___ Extracted data
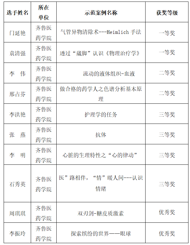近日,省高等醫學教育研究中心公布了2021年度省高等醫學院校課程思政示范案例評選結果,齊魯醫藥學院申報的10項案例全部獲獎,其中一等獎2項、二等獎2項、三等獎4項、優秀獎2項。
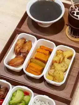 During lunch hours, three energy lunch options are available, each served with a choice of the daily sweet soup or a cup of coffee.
______
___ Extracted data
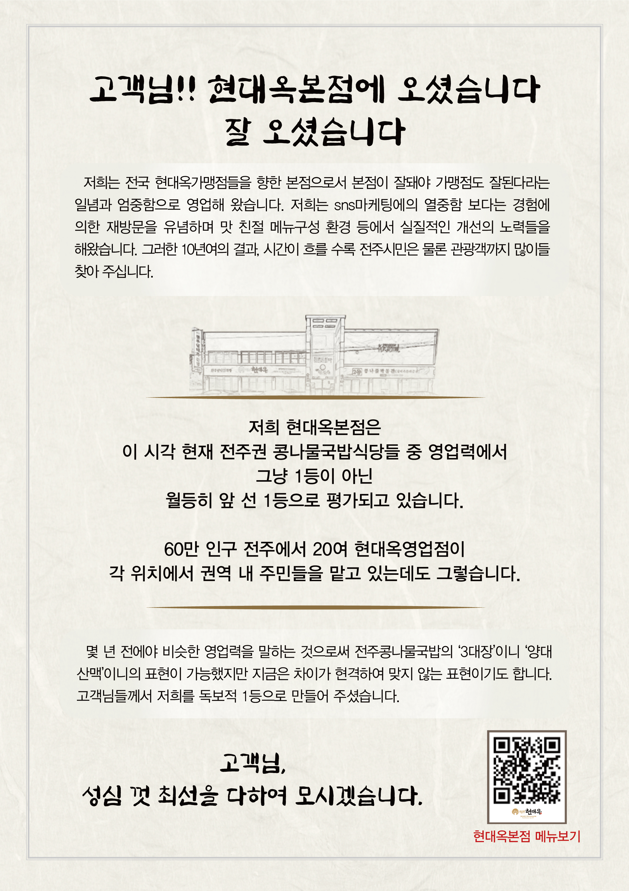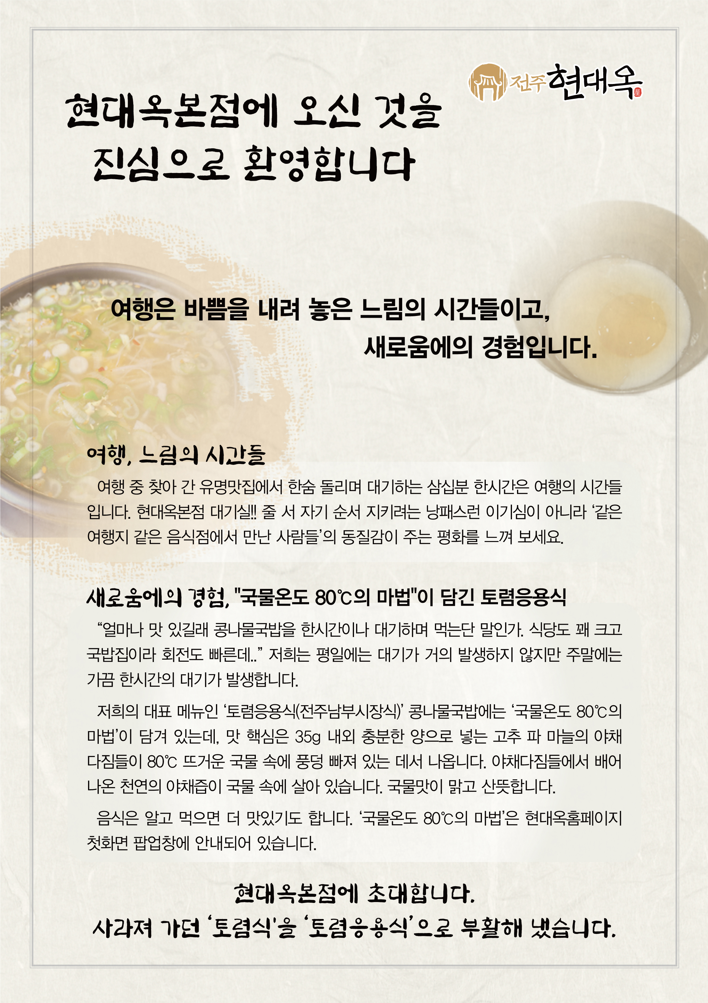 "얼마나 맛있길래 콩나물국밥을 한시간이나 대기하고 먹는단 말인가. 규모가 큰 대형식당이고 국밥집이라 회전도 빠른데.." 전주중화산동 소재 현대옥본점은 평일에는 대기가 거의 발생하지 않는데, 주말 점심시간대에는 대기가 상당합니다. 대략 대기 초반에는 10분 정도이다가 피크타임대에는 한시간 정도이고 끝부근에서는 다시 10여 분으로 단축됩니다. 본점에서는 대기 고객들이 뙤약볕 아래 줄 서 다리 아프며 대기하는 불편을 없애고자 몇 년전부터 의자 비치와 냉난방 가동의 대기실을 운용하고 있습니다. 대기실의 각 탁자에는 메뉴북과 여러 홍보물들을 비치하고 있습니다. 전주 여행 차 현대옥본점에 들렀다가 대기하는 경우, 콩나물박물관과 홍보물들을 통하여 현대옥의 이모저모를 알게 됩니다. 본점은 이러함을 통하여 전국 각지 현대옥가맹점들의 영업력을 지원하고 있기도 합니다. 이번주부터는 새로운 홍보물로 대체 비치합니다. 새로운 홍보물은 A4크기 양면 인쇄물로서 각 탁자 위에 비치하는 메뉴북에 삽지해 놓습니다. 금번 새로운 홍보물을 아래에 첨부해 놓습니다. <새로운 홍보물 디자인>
______
# [Exercise]
Look above for the line with "近日,省高等醫學教育研究中心" and the line with "During lunch hours, three". Copy them and every line between, exactly, but no pictures.

# [Task response]
近日,省高等醫學教育研究中心公布了2021年度省高等醫學院校課程思政示范案例評選結果,齊魯醫藥學院申報的10項案例全部獲獎,其中一等獎2項、二等獎2項、三等獎4項、優秀獎2項。
 During lunch hours, three energy lunch options are available, each served with a choice of the daily sweet soup or a cup of coffee.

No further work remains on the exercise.